Desta forma, e "no âmbito de negociações" as partes acordaram o valor de três milhões, quinhentos e cinquenta mil euros a serem pagos em três parcelas.
A primeira, de um milhão e quinhentos mil euros, a ser entregue no ato da escritura e as restantes em maio e novembro de 2012, sendo cada uma de um milhão e vinte e cinco mil euros.

Poucos dias após esta notícia, Luís Tarroso Gomes dava aqui o alerta.
De repente, do nada, e numa súbita preocupação com a história da cidade surge a ideia de preservar a Fábrica. Em poucos dias acertam-se os termos do negócio. Em plena crise e consequente desvalorização do património imobiliário, após as mais diversas demolições que diminuíram o valor do complexo, o que tinha sido comprado por quase 1,9 milhões de euros (e 21.293m2) é proposto vender à cidade por 4 milhões (e 5.000m2)! Porém, com a pronta e nobre intervenção dos Senhores Vereadores, chega-se a um preço especial: apenas 3,5 milhões! Ou seja, se estou a ver bem as coisas, o bom negócio que nos apregoam é comprar um quarto da área por quase o dobro do preço!
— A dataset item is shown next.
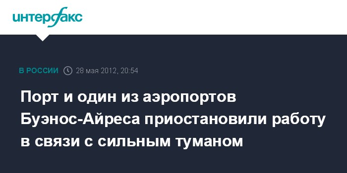 Буэнос-Айрес. 28 мая. INTERFAX.RU - Аэропорт Буэнос-Айреса, обслуживающий внутренние рейсы, и порт аргентинской столицы приостановили работу на несколько часов в связи с сильным туманом, сообщило в понедельник агентство ЭФЭ. Аэропорт приостановил все виды операций, однако, по словам его представителей, планирует вскоре возобновить работу, передает ЭФЭ.

Vale a pena ir ao local e perceber melhor o que está a ser adquirido por 3,5 milhões. Será que algum privado faria este negócio?
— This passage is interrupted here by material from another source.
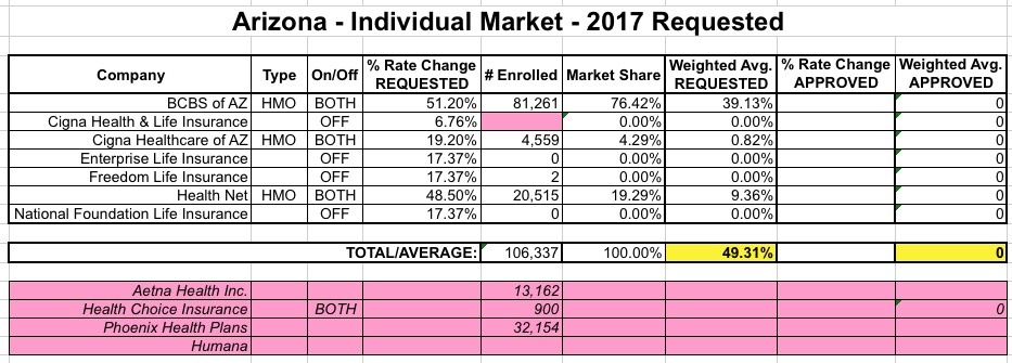 When I last crunched the numbers for the 2017 individual market in Arizona, the average requested rate hike statewide was a whopping 68%. However, that was before Aetna dropped their bombshell about dropping out of the exchanges in 11 states (AZ included), leaving about 6,400 residents receiving ACA tax credits in Pinal County with no subsidized policy options whatsoever.

Surgem prontas respostas políticas, mas seria necessário esperar alguns meses para novos desenvolvimentos significativos, quando a 29 de Fevereiro surgia a notícia da desistência do negócio, onde várias suspeitas eram lançadas, e onde a avaliação em baixa do imóvel por Luís Tarroso Gomes era confirmada.
Braga, 29 fev (Lusa) - A empresa proprietária da fábrica de sabonetes Confiança desistiu da venda do imóvel à Câmara de Braga, mas o Município ainda pode enveredar pela via da expropriação, disseram hoje à Lusa fontes ligadas ao processo.
Segundo Paula Nogueira, do Bloco de Esquerda (BE), a desistência constitui "uma grande vitória" para a cidade, mas também para aquela força partidária, que "levou até às últimas consequências a luta contra um negócio muito duvidoso e completamente ruinoso para os cofres municipais".
Paula Nogueira lembra que, em 2002, os antigos donos da fábrica venderam-na à empresa Urbinews, por 1,9 milhões de euros, mas em finais de 2011 a Câmara de Braga deliberou comprá-la por 3,5 milhões.
Diz ainda que "um dos mais experientes" peritos da cidade avaliou o imóvel em 1,2 milhões.
O BE fez chegar o caso ao Ministério Público junto do Tribunal de Contas, alegando ser seu dever "zelar pela coisa pública".
Na participação, o BE alude a "rumores" que apontam para a "proximidade de relações" entre o empresário que é o "principal rosto" da Urbinews, Hernâni Vaz Antunes, e o genro do presidente da Câmara de Braga.
Agora, alegadamente por não estar disponível para alimentar polémicas, a Urbinews comunicou a desistência da venda.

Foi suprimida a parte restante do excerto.